Subterranean wells (e.g., hydrocarbon fluid producing wells and water producing wells) are often stimulated by hydraulic fracturing treatments. In a typical hydraulic fracturing treatment, a treatment fluid is pumped into a wellbore in a subterranean formation at a rate and pressure above the fracture gradient of the particular subterranean formation so as to create or enhance at least one fracture therein. Particulate solids (e.g., graded sand, bauxite, ceramic, nut hulls, and the like), or "proppant particulates," are typically suspended in the treatment fluid or a second treatment fluid and deposited into the fractures while maintaining pressure above the fracture gradient. The proppant particulates are generally deposited in the fracture in a concentration sufficient to form a tight pack of proppant particulates, or "proppant pack," which serves to prevent the fracture from fully closing once the hydraulic pressure is removed.

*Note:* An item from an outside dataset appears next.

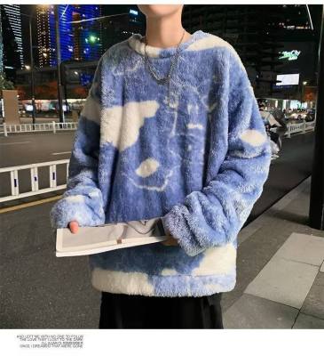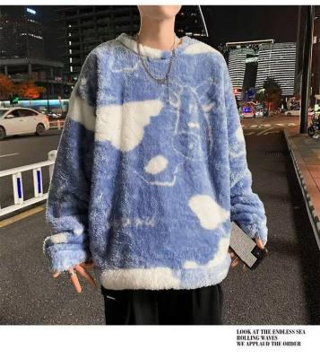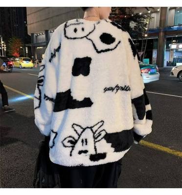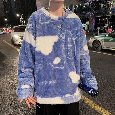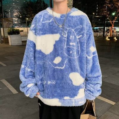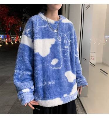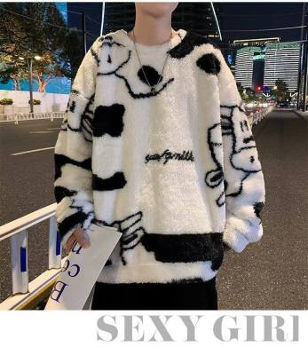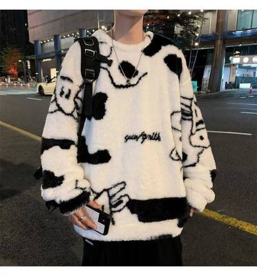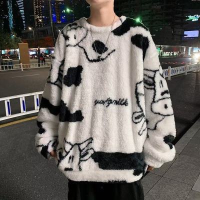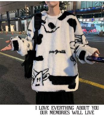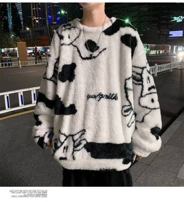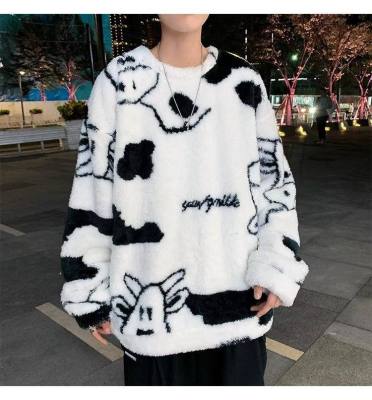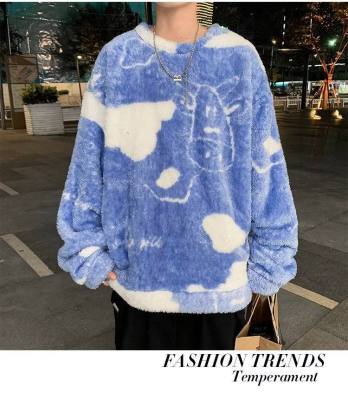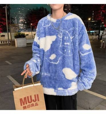 Autumn and winter lamb wool round neck sweatshirt men's Hong Kong fashion brand milk pattern coat loose top for couples
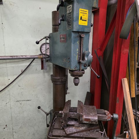 Bänkborrmaskin i grön metall. Maskinen är av pelartyp för bordsmontering med justerbart borrbord och skyddskåpa runt chucken. Utrustad med handtag för matning av borrspindeln samt elanslutning med strömbrytare. Lämplig för borrning i trä, plast och metall i hobbyverkstad. Remdriven växellåda ställbar för 600-2600rpm. Osäker på ålder men den har använts sparsamt genom åren. Hämtas i västra Göteborg.

By keeping the fracture from fully closing, the interstitial spaces between individual proppant particulates in the proppant pack form conductive pathways through which produced fluids may flow.
The rheological requirements of a fracture fluid are highly constraining. To adequately propagate fractures in the subterranean formation, a fracturing fluid should exhibit a low leakage rate of liquids into the formation during the fracturing operation. Also, the fracturing fluid should have sufficient body and viscosity to transport and deposit proppant into the cracks in the formation formed during fracturing. The fracturing fluid should readily flow back into the wellbore after the fracturing is complete and leave minimal residue that could impair permeability and conductivity of the formation. Finally, the fracturing fluid should have rheological characteristics that permit it to be formulated and pumped down the wellbore without excessive difficulty or pressure drop friction losses.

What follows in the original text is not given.